— Task to carry out —
Nothing but the lines below from the one holding "Рюкзак-сумка из 600D" up to and including the one holding "The collective exhibition" should be copied, exactly and without pictures.

— Exercise input —
──────

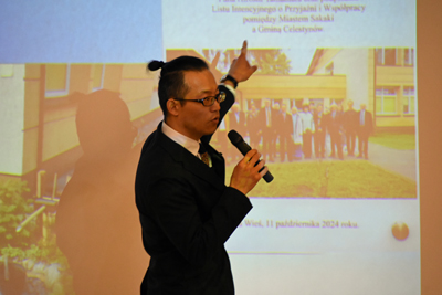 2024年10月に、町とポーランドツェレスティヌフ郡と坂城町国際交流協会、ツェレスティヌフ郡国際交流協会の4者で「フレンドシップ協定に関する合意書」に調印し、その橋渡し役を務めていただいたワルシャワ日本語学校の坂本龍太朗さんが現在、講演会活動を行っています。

──────

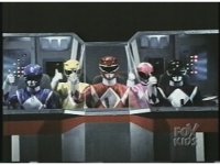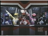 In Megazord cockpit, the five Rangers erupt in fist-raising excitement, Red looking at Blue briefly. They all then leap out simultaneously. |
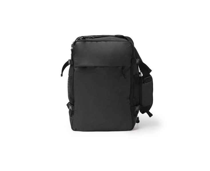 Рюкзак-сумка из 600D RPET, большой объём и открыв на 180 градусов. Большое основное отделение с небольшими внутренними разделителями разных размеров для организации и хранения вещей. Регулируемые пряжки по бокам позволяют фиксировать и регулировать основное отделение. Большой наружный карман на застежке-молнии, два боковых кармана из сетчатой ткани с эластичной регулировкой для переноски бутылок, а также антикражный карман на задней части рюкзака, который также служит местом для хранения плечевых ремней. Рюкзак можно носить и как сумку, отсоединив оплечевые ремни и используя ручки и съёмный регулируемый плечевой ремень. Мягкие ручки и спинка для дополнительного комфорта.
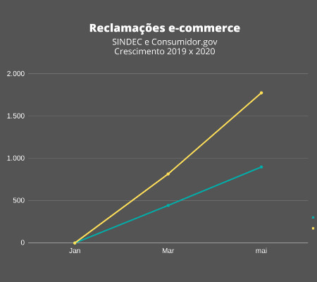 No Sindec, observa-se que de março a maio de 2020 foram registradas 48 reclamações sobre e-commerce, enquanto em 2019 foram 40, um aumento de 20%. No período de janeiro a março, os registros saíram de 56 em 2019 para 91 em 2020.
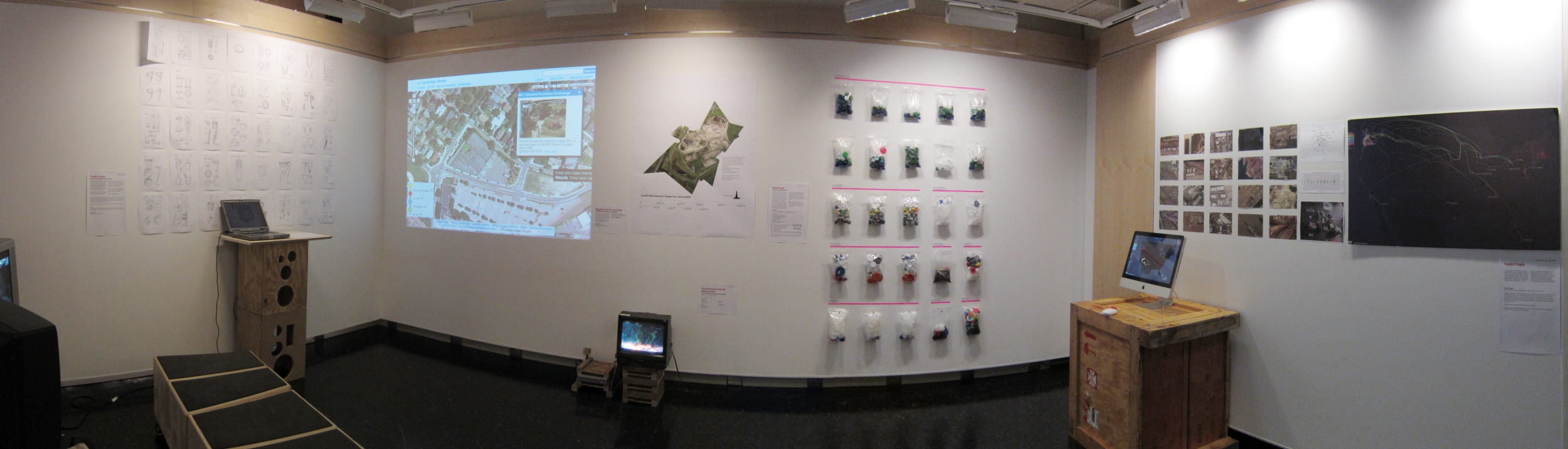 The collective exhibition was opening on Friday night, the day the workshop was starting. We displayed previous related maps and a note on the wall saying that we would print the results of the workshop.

──────

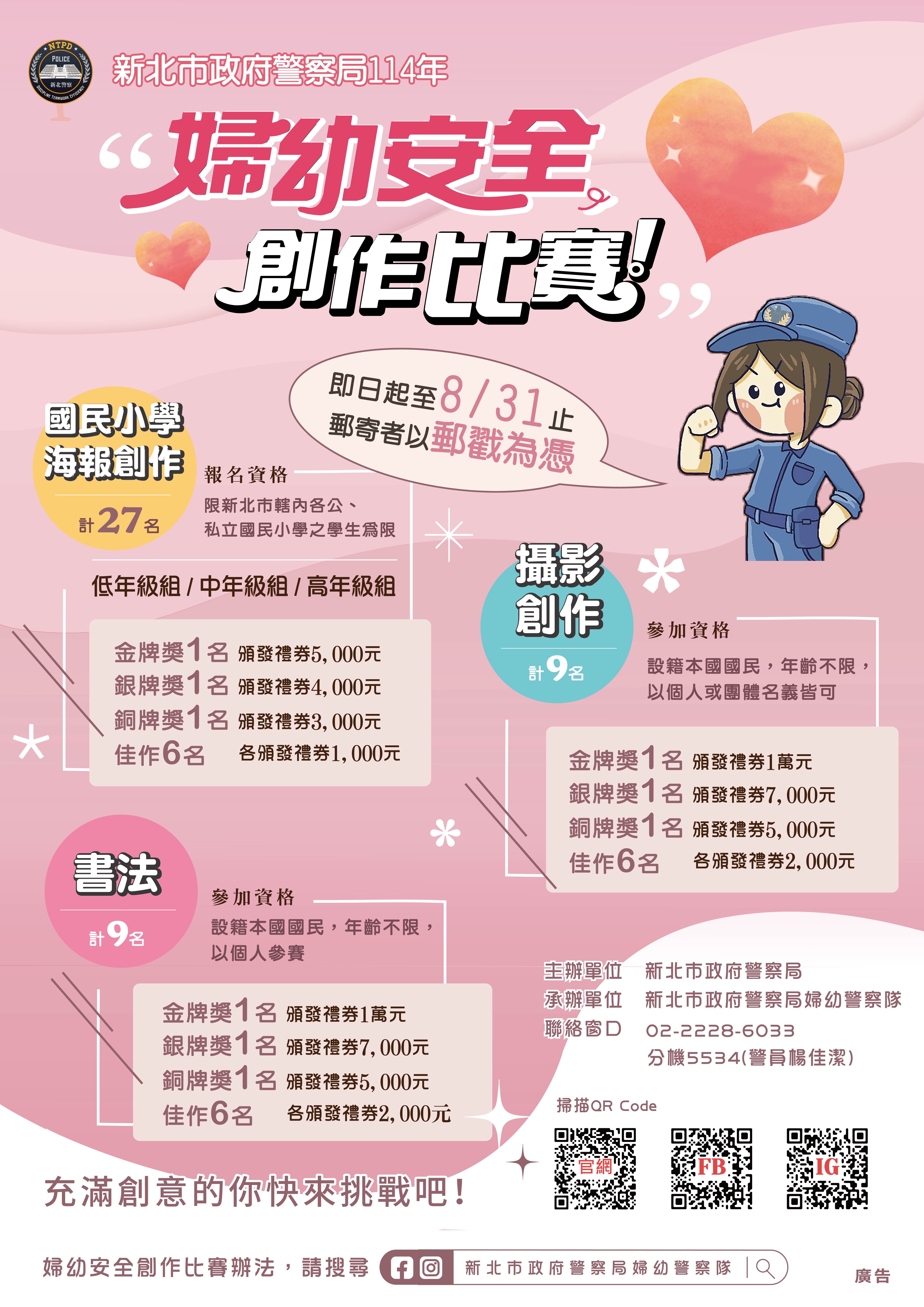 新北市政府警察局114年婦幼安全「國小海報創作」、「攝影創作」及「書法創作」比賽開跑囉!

──────

— Reply to the exercise —
 Рюкзак-сумка из 600D RPET, большой объём и открыв на 180 градусов. Большое основное отделение с небольшими внутренними разделителями разных размеров для организации и хранения вещей. Регулируемые пряжки по бокам позволяют фиксировать и регулировать основное отделение. Большой наружный карман на застежке-молнии, два боковых кармана из сетчатой ткани с эластичной регулировкой для переноски бутылок, а также антикражный карман на задней части рюкзака, который также служит местом для хранения плечевых ремней. Рюкзак можно носить и как сумку, отсоединив оплечевые ремни и используя ручки и съёмный регулируемый плечевой ремень. Мягкие ручки и спинка для дополнительного комфорта.
 No Sindec, observa-se que de março a maio de 2020 foram registradas 48 reclamações sobre e-commerce, enquanto em 2019 foram 40, um aumento de 20%. No período de janeiro a março, os registros saíram de 56 em 2019 para 91 em 2020.
 The collective exhibition was opening on Friday night, the day the workshop was starting. We displayed previous related maps and a note on the wall saying that we would print the results of the workshop.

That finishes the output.